**WHAT THE TASK ASKS**: Print the whole listing below exactly, skipping every picture.

**DATA SEGMENT**:
____

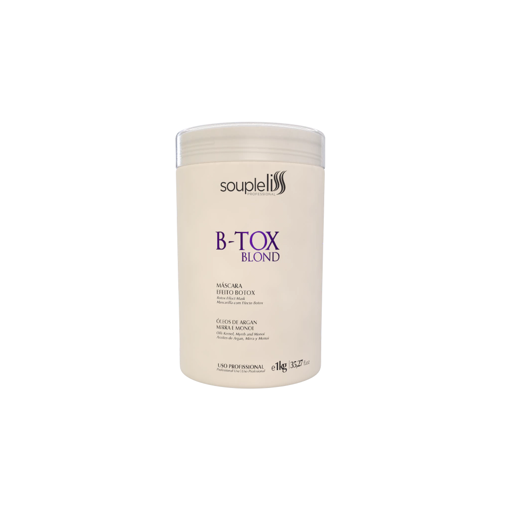 Blond liss B-tox Mascarilla Matizante Souple Liss es un repositor de masa molecular que actúa sobre el córtex de la fibra capilar, apto para todo tipo de cabello, cuenta con una eficaz fórmula innovadora con Keratina y silicona, formando una película protectora que envuelve la raíz hilos hasta las puntas restaurando la flexibilidad natural del cabello y dando hidratación y resistencia a los hilos.
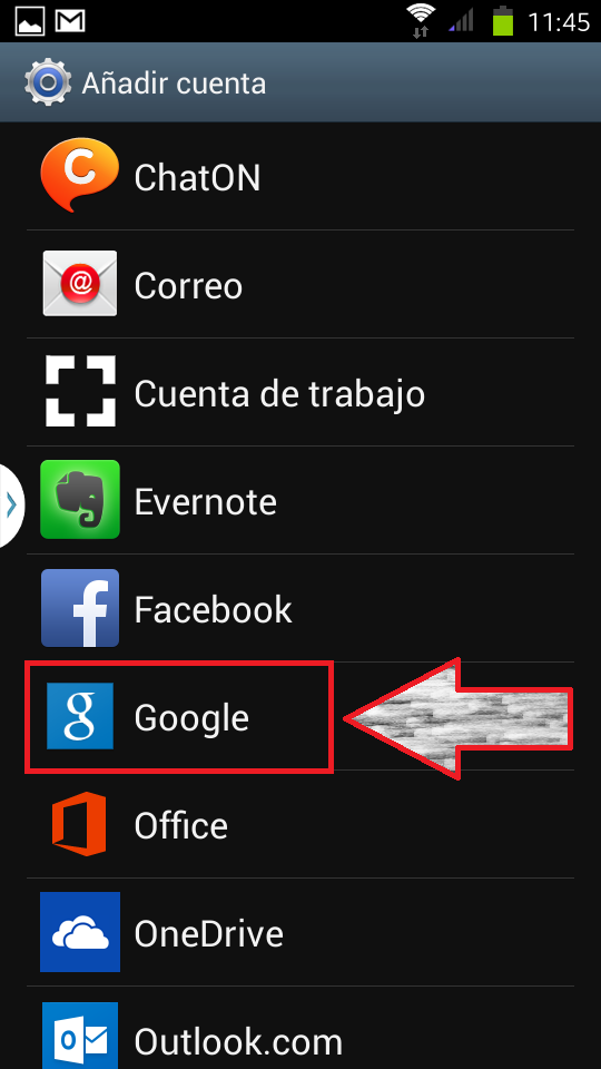 Nos aparecerá una lista, (dependiendo de las aplicaciones ya instaladas tendremos más o menos opciones.) de la cual seleccionaremos Google.
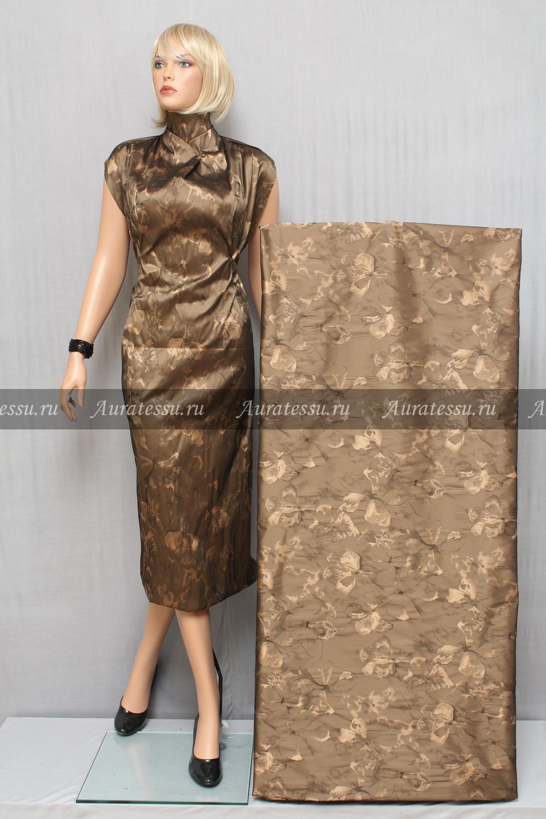 Дополнительная информация:Достаточно тонкое жаккардовое полотно коричневато-табачного цвета с чёрными прожилками узора. Ткань эластичная по нити основы (тянется вдоль полотна). Рисунок силуэтно-цветочный с тонированными фрагментами на тон светлее. Так же по полю ткани встречается небольшой креш по теме рисунка. Полотно пластичное, мало мнущееся. Подходит для пошива плательной и костюмной одежды разнообразных моделей и силуэтов. Рекомендации по уходуЖаккардовые ткани с составом 100% полиамид: 100% полиамид или полиамид с эластаном (в том числе полиамид более 50%+ ацетат): плательная, костюмная группа. Ткани жаккардовых переплетений, в состав которых входит в основном полиамид с добавлением вискозы, ацетата и эластана можно стирать в машине при температуре до 30°С в щадящем режиме. Можно отжимать в барабане, но всегда лучше на оборотах до 500. Синтетические ткани практически не дают усадку и не мнутся. Для сушки их нужно подвешивать лучше наизнанку. Эти ткани сохнут быстро и иногда не нуждаются в утюжке. Если вы хотите их отутюжить, то делайте это с изнаночной стороны с паром. Гладить на "шелке", можно слегка сбрызнуть. Жаккарды, с шёлковыми волокнами: Рекомендации производителя - профессиональная химчистка. При таком составе, мы тоже не рекомендуем стирать ткань, но вы можете попробовать на кусочке, оставшемся от кроя: ручная стирка, вода до 30°С, не замачивать, мягкие моющие средства для шёлка, стирать только загрязненные места, отжим в полотенце, сушка в горизонтальном расправленном виде изнанкой вверх, гладить на шелке. Вкусочек побольше, чтобы было видно, как поведёт себя ткань.

____

**OUTPUT OF THE EXERCISE**:
 Blond liss B-tox Mascarilla Matizante Souple Liss es un repositor de masa molecular que actúa sobre el córtex de la fibra capilar, apto para todo tipo de cabello, cuenta con una eficaz fórmula innovadora con Keratina y silicona, formando una película protectora que envuelve la raíz hilos hasta las puntas restaurando la flexibilidad natural del cabello y dando hidratación y resistencia a los hilos.
 Nos aparecerá una lista, (dependiendo de las aplicaciones ya instaladas tendremos más o menos opciones.) de la cual seleccionaremos Google.
 Дополнительная информация:Достаточно тонкое жаккардовое полотно коричневато-табачного цвета с чёрными прожилками узора. Ткань эластичная по нити основы (тянется вдоль полотна). Рисунок силуэтно-цветочный с тонированными фрагментами на тон светлее. Так же по полю ткани встречается небольшой креш по теме рисунка. Полотно пластичное, мало мнущееся. Подходит для пошива плательной и костюмной одежды разнообразных моделей и силуэтов. Рекомендации по уходуЖаккардовые ткани с составом 100% полиамид: 100% полиамид или полиамид с эластаном (в том числе полиамид более 50%+ ацетат): плательная, костюмная группа. Ткани жаккардовых переплетений, в состав которых входит в основном полиамид с добавлением вискозы, ацетата и эластана можно стирать в машине при температуре до 30°С в щадящем режиме. Можно отжимать в барабане, но всегда лучше на оборотах до 500. Синтетические ткани практически не дают усадку и не мнутся. Для сушки их нужно подвешивать лучше наизнанку. Эти ткани сохнут быстро и иногда не нуждаются в утюжке. Если вы хотите их отутюжить, то делайте это с изнаночной стороны с паром. Гладить на "шелке", можно слегка сбрызнуть. Жаккарды, с шёлковыми волокнами: Рекомендации производителя - профессиональная химчистка. При таком составе, мы тоже не рекомендуем стирать ткань, но вы можете попробовать на кусочке, оставшемся от кроя: ручная стирка, вода до 30°С, не замачивать, мягкие моющие средства для шёлка, стирать только загрязненные места, отжим в полотенце, сушка в горизонтальном расправленном виде изнанкой вверх, гладить на шелке. Вкусочек побольше, чтобы было видно, как поведёт себя ткань.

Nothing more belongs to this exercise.